● Data:
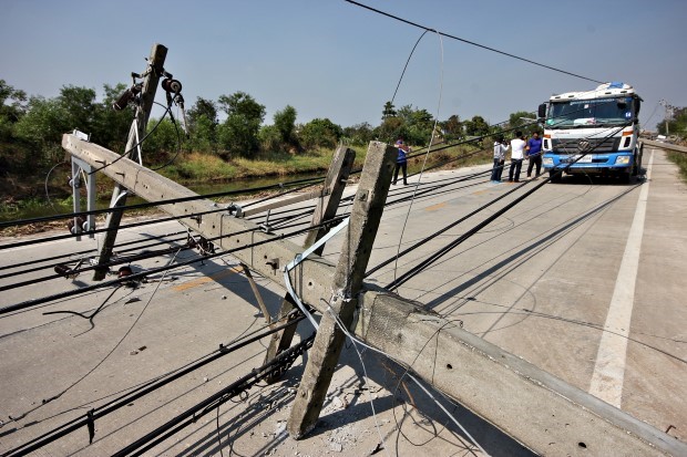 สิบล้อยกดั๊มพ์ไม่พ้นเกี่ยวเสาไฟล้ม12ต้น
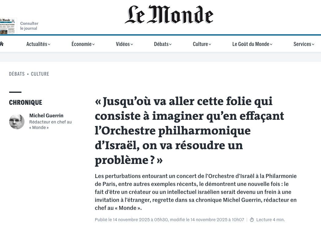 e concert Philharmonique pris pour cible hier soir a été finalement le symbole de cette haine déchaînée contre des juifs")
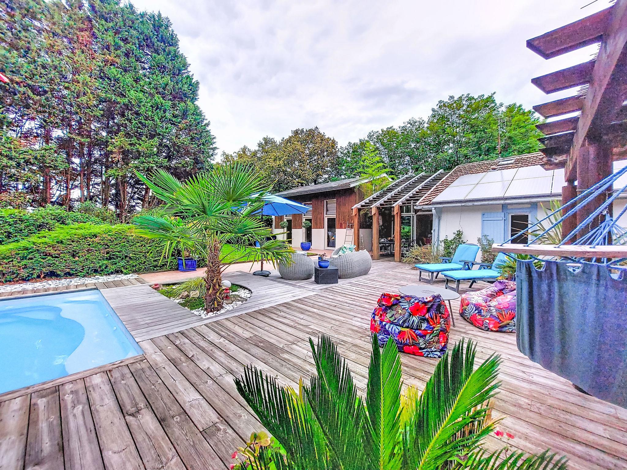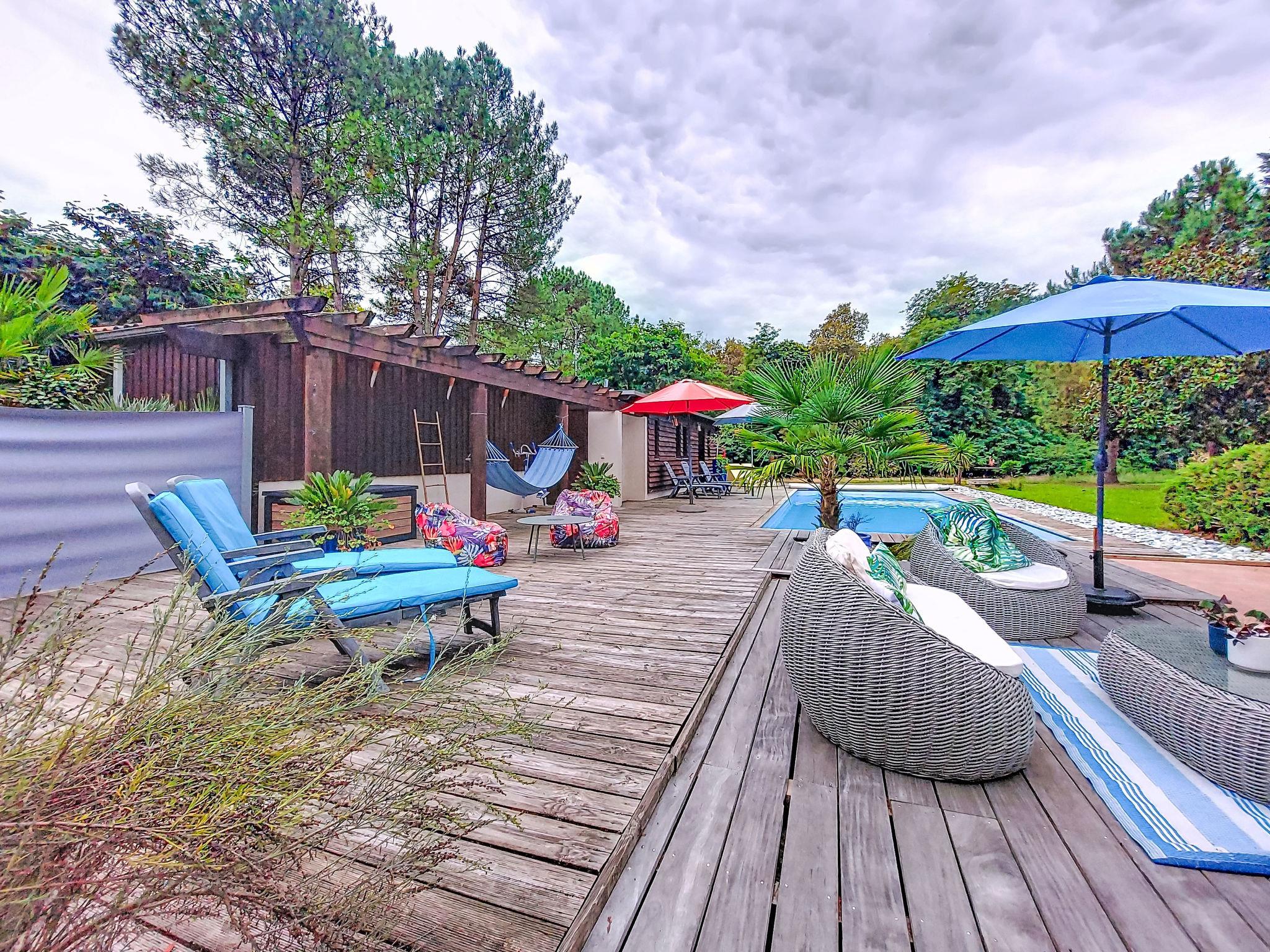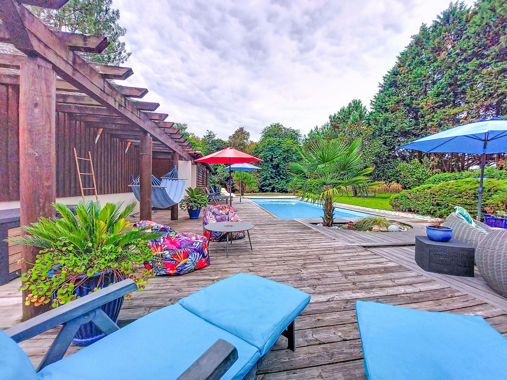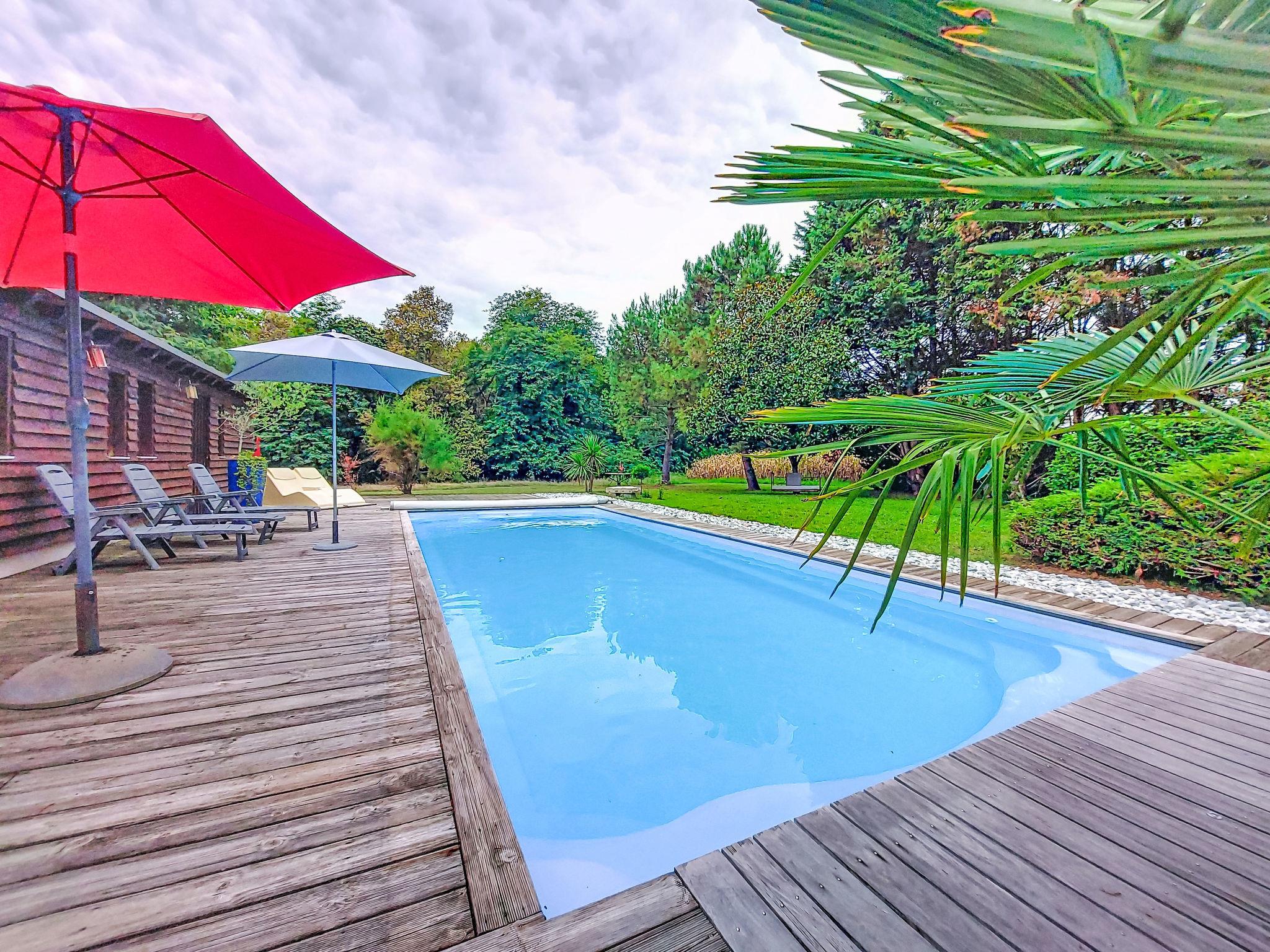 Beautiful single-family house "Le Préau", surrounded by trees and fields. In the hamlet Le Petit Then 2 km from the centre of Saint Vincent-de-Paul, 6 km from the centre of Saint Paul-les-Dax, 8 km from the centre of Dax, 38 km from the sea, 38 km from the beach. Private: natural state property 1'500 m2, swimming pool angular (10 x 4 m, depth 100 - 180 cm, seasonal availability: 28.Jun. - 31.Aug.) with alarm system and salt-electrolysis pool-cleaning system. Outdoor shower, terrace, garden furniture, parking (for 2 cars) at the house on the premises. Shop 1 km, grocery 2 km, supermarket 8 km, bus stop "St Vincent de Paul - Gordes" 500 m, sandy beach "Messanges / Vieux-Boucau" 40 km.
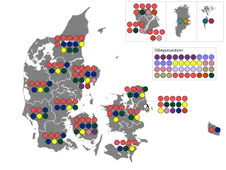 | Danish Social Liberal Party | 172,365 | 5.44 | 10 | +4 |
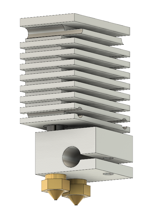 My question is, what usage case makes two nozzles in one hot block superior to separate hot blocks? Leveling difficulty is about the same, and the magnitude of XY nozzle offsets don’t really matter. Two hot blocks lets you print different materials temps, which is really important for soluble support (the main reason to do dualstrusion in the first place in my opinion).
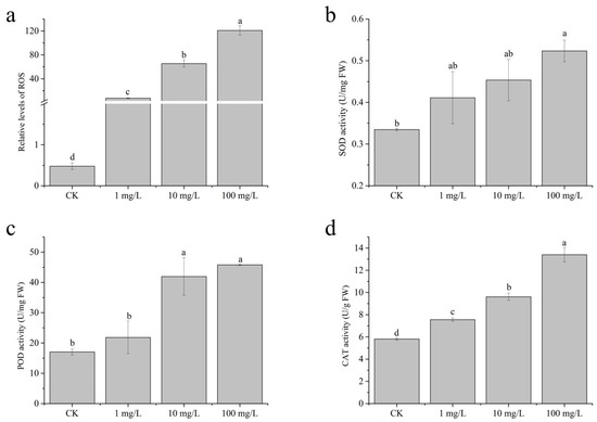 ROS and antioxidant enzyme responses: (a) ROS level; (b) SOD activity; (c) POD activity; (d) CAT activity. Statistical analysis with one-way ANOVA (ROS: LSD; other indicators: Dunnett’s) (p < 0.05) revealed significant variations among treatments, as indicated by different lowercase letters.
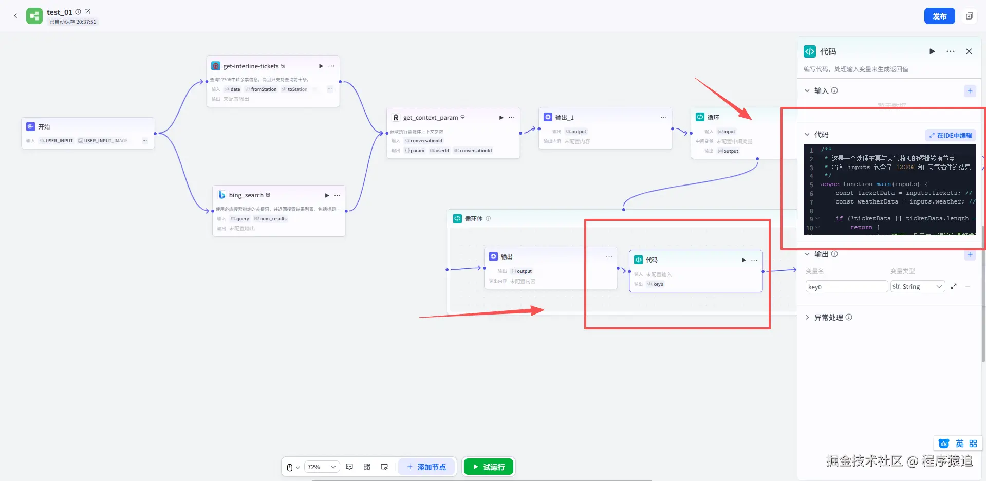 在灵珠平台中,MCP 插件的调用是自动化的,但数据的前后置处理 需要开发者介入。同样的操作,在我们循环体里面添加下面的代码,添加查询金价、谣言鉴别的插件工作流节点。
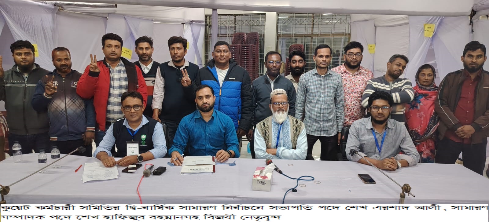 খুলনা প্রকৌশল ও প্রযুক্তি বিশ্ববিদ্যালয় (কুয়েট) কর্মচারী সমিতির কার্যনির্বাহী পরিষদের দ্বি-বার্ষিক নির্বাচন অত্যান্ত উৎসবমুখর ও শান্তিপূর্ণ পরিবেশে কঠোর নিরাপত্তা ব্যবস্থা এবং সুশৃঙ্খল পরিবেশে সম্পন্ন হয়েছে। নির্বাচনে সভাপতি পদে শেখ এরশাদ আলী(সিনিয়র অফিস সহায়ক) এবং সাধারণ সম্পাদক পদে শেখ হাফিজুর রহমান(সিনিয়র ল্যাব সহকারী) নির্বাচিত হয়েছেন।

● Directions for this task:
Only an exact copy of the lines from the one with "5.44 | 10 | +4 |" through the last line of the data above is wanted, and no pictures.

● Response to the task:
 | Danish Social Liberal Party | 172,365 | 5.44 | 10 | +4 |
 My question is, what usage case makes two nozzles in one hot block superior to separate hot blocks? Leveling difficulty is about the same, and the magnitude of XY nozzle offsets don’t really matter. Two hot blocks lets you print different materials temps, which is really important for soluble support (the main reason to do dualstrusion in the first place in my opinion).
 ROS and antioxidant enzyme responses: (a) ROS level; (b) SOD activity; (c) POD activity; (d) CAT activity. Statistical analysis with one-way ANOVA (ROS: LSD; other indicators: Dunnett’s) (p < 0.05) revealed significant variations among treatments, as indicated by different lowercase letters.
 在灵珠平台中,MCP 插件的调用是自动化的,但数据的前后置处理 需要开发者介入。同样的操作,在我们循环体里面添加下面的代码,添加查询金价、谣言鉴别的插件工作流节点。
 খুলনা প্রকৌশল ও প্রযুক্তি বিশ্ববিদ্যালয় (কুয়েট) কর্মচারী সমিতির কার্যনির্বাহী পরিষদের দ্বি-বার্ষিক নির্বাচন অত্যান্ত উৎসবমুখর ও শান্তিপূর্ণ পরিবেশে কঠোর নিরাপত্তা ব্যবস্থা এবং সুশৃঙ্খল পরিবেশে সম্পন্ন হয়েছে। নির্বাচনে সভাপতি পদে শেখ এরশাদ আলী(সিনিয়র অফিস সহায়ক) এবং সাধারণ সম্পাদক পদে শেখ হাফিজুর রহমান(সিনিয়র ল্যাব সহকারী) নির্বাচিত হয়েছেন।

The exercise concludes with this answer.